BEFORE WALKER, C.J., SULLIVAN AND GRIFFlN, JJ.
WALKER, C.J., FOR THE COURT:
In June of 1984, Freddie Barnett was convicted of aggravated assault and sentenced to a term of twenty (20) years. Some sixteen (16) months later, he filed in the Circuit Court of Warren County a motion for an out-of-time appeal. The circuit court denied the motion without conducting an evidentiary hearing. From that denial, Barnett appeals. Because the lower court erred in finding Barnett's claim to be manifestly without merit, we reverse and remand for an evidentiary hearing.
In his motion for an out-of-time appeal, Barnett alleged the following: He was convicted of aggravated assault on June 22, 1984, and after the verdict he told his court-appointed attorney that he wanted to appeal the conviction. In April of 1985, ten (10) months after his conviction, he was transported from the county jail to the state penitentiary. He then filed in the Circuit Court of Warren County a motion to be transferred back to the county jail pending appeal. The district attorney's office filed a motion to dismiss, claiming that no appeal was pending. Subsequently, the circuit court granted the motion to dismiss. According to Barnett's allegations, he believed his appeal was pending until he received the district attorney's motion to dismiss his motion to be transferred to the county jail pending appeal.
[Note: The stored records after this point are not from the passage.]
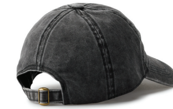
tabletop - back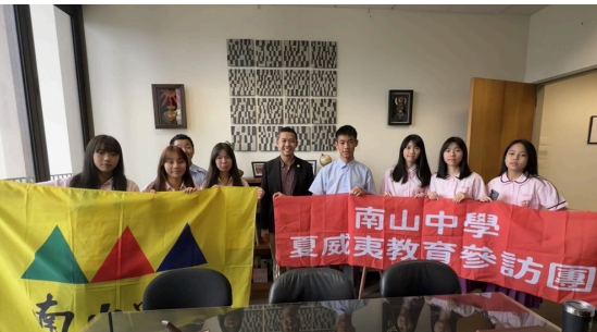
Nan-Shang High School Students visit the Hawaii State Capitol and learn about US Government.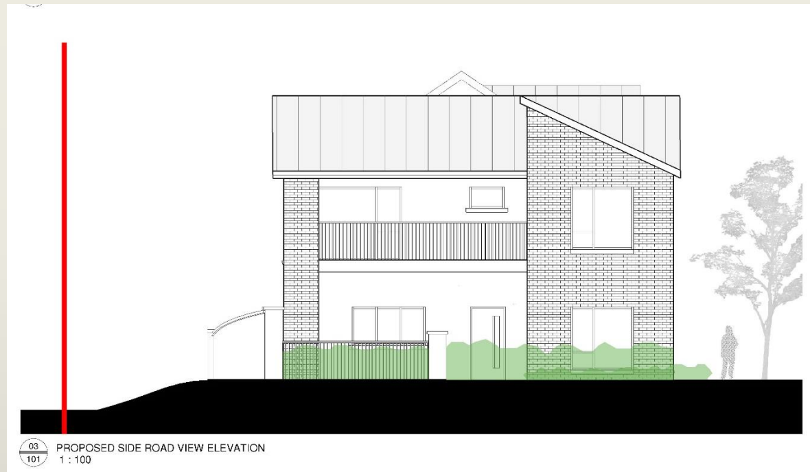
Side Elevation – Facing proposed entrance road.

Attached to the motion for out-of-time appeal were three (3) affidavits: Freddie Barnett, in his affidavit, stated that he told his attorney of his desire to appeal, and that his attorney informed him the case was being appealed. Gladys Barnett (Freddie's mother), in her affidavit stated that her son's attorney told her the case was being appealed. She further stated that her son called her from the state penitentiary, told her that his case was not being appealed, and asked her to call the attorney and find out what happened. She further stated that when she called the attorney, he said that Freddie" should have not done what he did and when he [got] out maybe he would do better. "Floree Fletcher, in her affidavit, stated that she drove her Aunt Gladys to different people's houses trying to get Freddie's appeal bond signed.
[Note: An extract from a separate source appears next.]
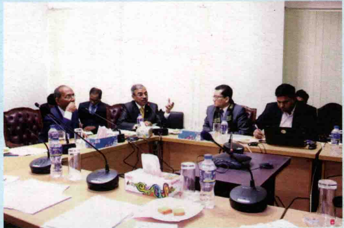
Stakeholders are stating their opinions at the preparatory meeting on Convention of Non Resident Bangladeshis at BIDA on 31st January

A preparatory meeting for arranging the Convention of Non Resident Bangladeshis (NRB) Engineers was held at BIDA. BIDA Executive Chairman presided over the meeting on 31st January at BIDA conference room with the stakeholders while NRB Engineers participated at the meeting from the USA through Skype. NRBs, on different occasions, have expressed their interests to utilize their efforts, knowledge, intellect and skills for the economic development of Bangladesh. With this end in view, and with the hope to see Bangladesh as the middle income country by 2021, NRB engineers are going to organize the CONE on 26-27 February in Bangladesh. NRB engineers from all over the world will participate in this convention which will be organized with the joint collaboration of Cabinet Division, ICT Division, BIDA, ERD, MoFA, A2I, USAID and UNDP among others. Three major components of the CONE are 1. NRB Engineers, 2. Government of Bangladesh and 3. Private Sector. 45-50 papers from 13 different countries are expected to be presented at the CONE.

Finding the motion for out-of-time appeal to be manifestly without merit, the trial court denied it without conducting an evidentiary hearing. In doing so the trial court erred. If Barnett's allegations are true, then he has, through no fault of his own, been denied his right to appeal. Wilson v. State, 426 So.2d 792 (Miss.1983); Jones v. State, 355 So.2d 89 (Miss.1978).
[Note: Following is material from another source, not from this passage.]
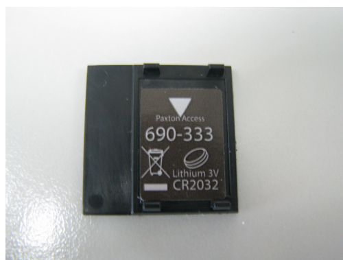
Cover - inner ratings label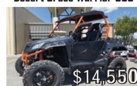
2022 NEW Massimo Desert Cross Warrior 800

The State argues that Barnett's allegations are insufficient to make out a prima facie case. Specifically, the State points to Barnett's allegation that," after the verdict, "he asked his attorney to appeal. According to the State's theory, the request could have been made at any time" after the verdict, "and thus could have been made after the time for filing notice of appeal had elapsed, in which case the failure to appeal would be Barnett's responsibility rather than his attorney's. We do not believe
such a harsh construction of the allegations of a pro se petitioner would serve the interests of justice in this case.
The case is remanded for an evidentiary hearing in accordance with Mississippi Code Annotated 99-39-23 (Supp. 1985). If Barnett proves, by a preponderance of the evidence, that he, within the time for filing notice of appeal, asked his attorney to appeal, and that his attorney, through no fault of Barnett's, failed to appeal, then the motion for out-of-time appeal should be granted, and counsel should be appointed to represent Barnett for purposes of that appeal as provided for in Jones v. State, 355 So.2d 89 (Miss.1978).
REVERSED AND REMANDED FOR EVIDENTIARY HEARING.
ROY NOBLE LEE, P.J., HAWKINS, P.J., DAN LEE, PRATHER, ROBERTSON, SULLIVAN, ANDERSON AND GRIFFIN, JJ., CONCUR.